I had the great pleasure in being invited to give three presentations at a laboratory medicine conference in Makassar. As it was quite a distance from the UK, I took extra time out to visit the country and my hosts were very generous with their hospitality. The invitation extended to my wife as well.

When the invitation was made last May, I have to confess that all I knew about Indonesia was Bali.
This was our first visit to Asia and we flew from London to Jakarta via Hong Kong.

JAKARTA

I found Jakarta a little overwhelming to say the least. The traffic is completely crazy and the heat was quite difficult as we had just left 8 degrees C behind in the UK. We stayed at the Borobudur Hotel which was an excellent choice. The hotel seems to glow in a faded glory but the lobby is impressive, the Chinese restaurant very good and the rooms large.

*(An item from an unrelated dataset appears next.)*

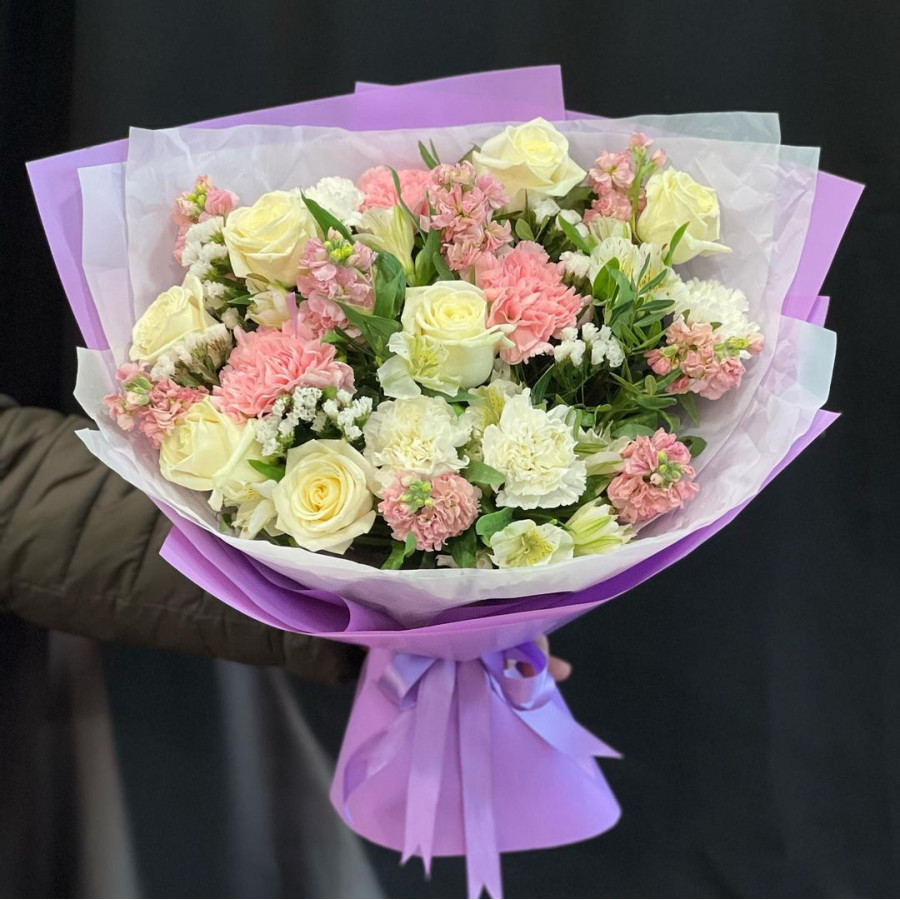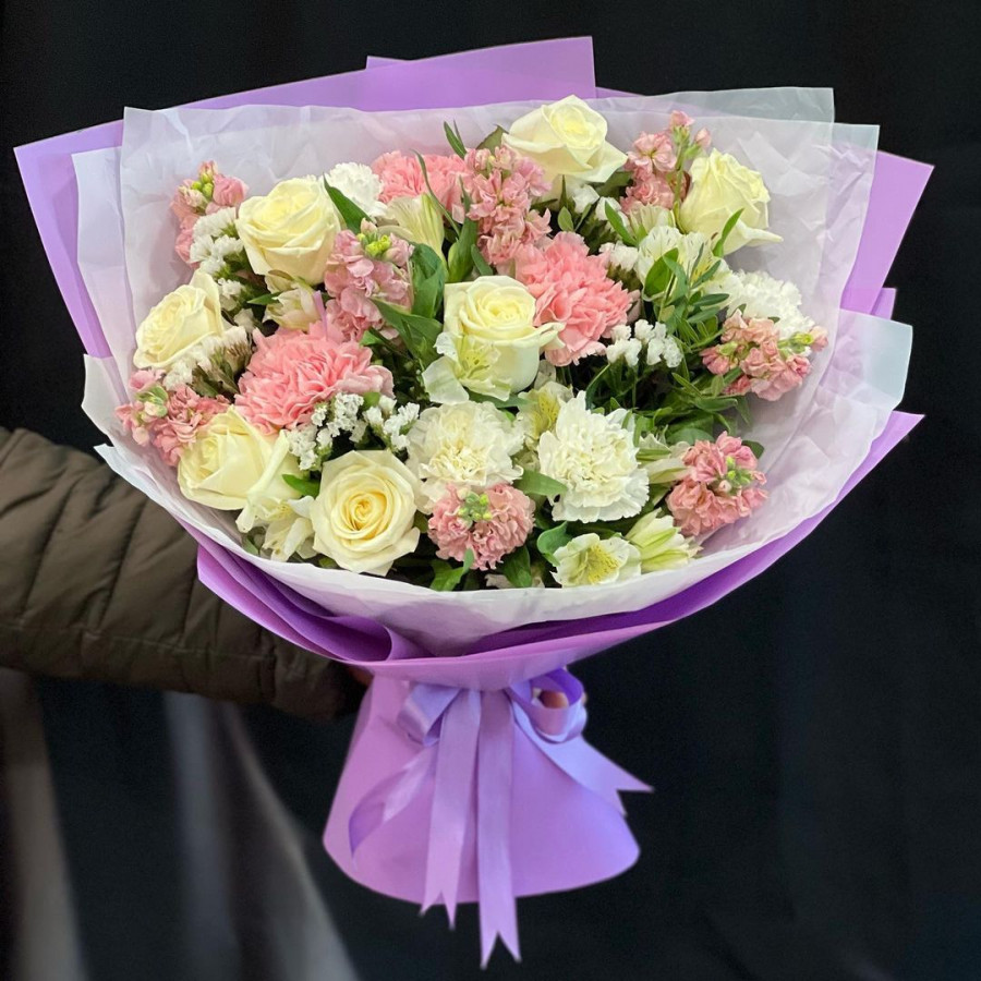 На фото букет из белых роз и гвоздик. В составе: роза 7 шт, гвоздика 11 шт, статица 5 шт, альстромерия 3 шт, крафт-бумага 1 шт, атласная лента 1 шт, . Все цветы свежие и ароматные, букет красиво оформлен и отлично подходит для подарка. Доступна доставка цветов или самовывоз.

Our first planned visit was to the National Museum which we were disappointed to find was closed on Mondays. Never mind, we were escorted to Taman Mini Indonesia Indah. I expected a kind of Legoland meets Disney but found a rich ethnic and cultural diversity that was very well made. Each area of Indonesia was represented with full sized houses. I especially enjoyed the Komodo area where we were invited in to touch and stroke the Komodo Dragon and they put a python around my neck. Not everyday sights in the UK! After lunch we wanted to buy local handicrafts and visited a local store before we had our first experience of the afternoon heavy rain of the rainy season.

YOGYAKARTA

We next flew to Yogyakarta on Garuda. We knew this airline had been banned from entering European Airspace and so we were quite anxious. The flight passed without problem and we were taken to The Kraton for lunch. The restaurant was owned by the Sultan's brother and the proprietor had great delight in giving us a guided tour. We found it utterly fascinating.
The afternoon was spent visiting Borobudur temple and our hosts had arranged an English speaking guided tour. Unfortunately, a school party of around 200 students decended on the temple at the very same time, but the visit was well worth it. The surrounding area seemed very peaceful after the chaos of Jakarta and Yogyakarta. The only difficulty were the hawkers, although in the end it was quite fun as they were always good humoured if a little persistent. Still, we bought a lot of trinkets and general tat to give as gifts back home.
We got back into Yogya just as the heavens opened once again and completely flooded the roads (which didn't seem to stop anything apart from the bicycle rickshaws). Our hotel was the Plaza which again seemed very comfortable with large rooms. In fact, the bed was so large that we could have fitted in another two adults (no jokes please).
The evening was spent at the Prambanan temple - unfortunately we didn't have the time to fit in a daylight visit - to see the Ramayana ballet performance. As it was raining, this was performed indoors. We found it fascinating, if a little long as jetlag was really beginning to set in.

MAKASSAR

We next flew to Makassar via Surabaya. The flight was three hours late in leaving, and if I had any doubts about Garuda then I certainly had more as we flew Lion Air. The plane was old and the landing definately the worst I have ever had. We hit the runway with a huge thud and it was a wonder that nobody injured their spines!!
At least they held the onward flight and so we embarked immediately and saw nothing at all of Surabaya apart from smoke rising from Mount Kelud (which was above the clouds and so visible only from the air). We found out that the volcano had erupted later in the week and that there had been no warning as the top of the mountain was obscured by cloud (according to the Jakarta Post). Perhaps we should have mentioned it!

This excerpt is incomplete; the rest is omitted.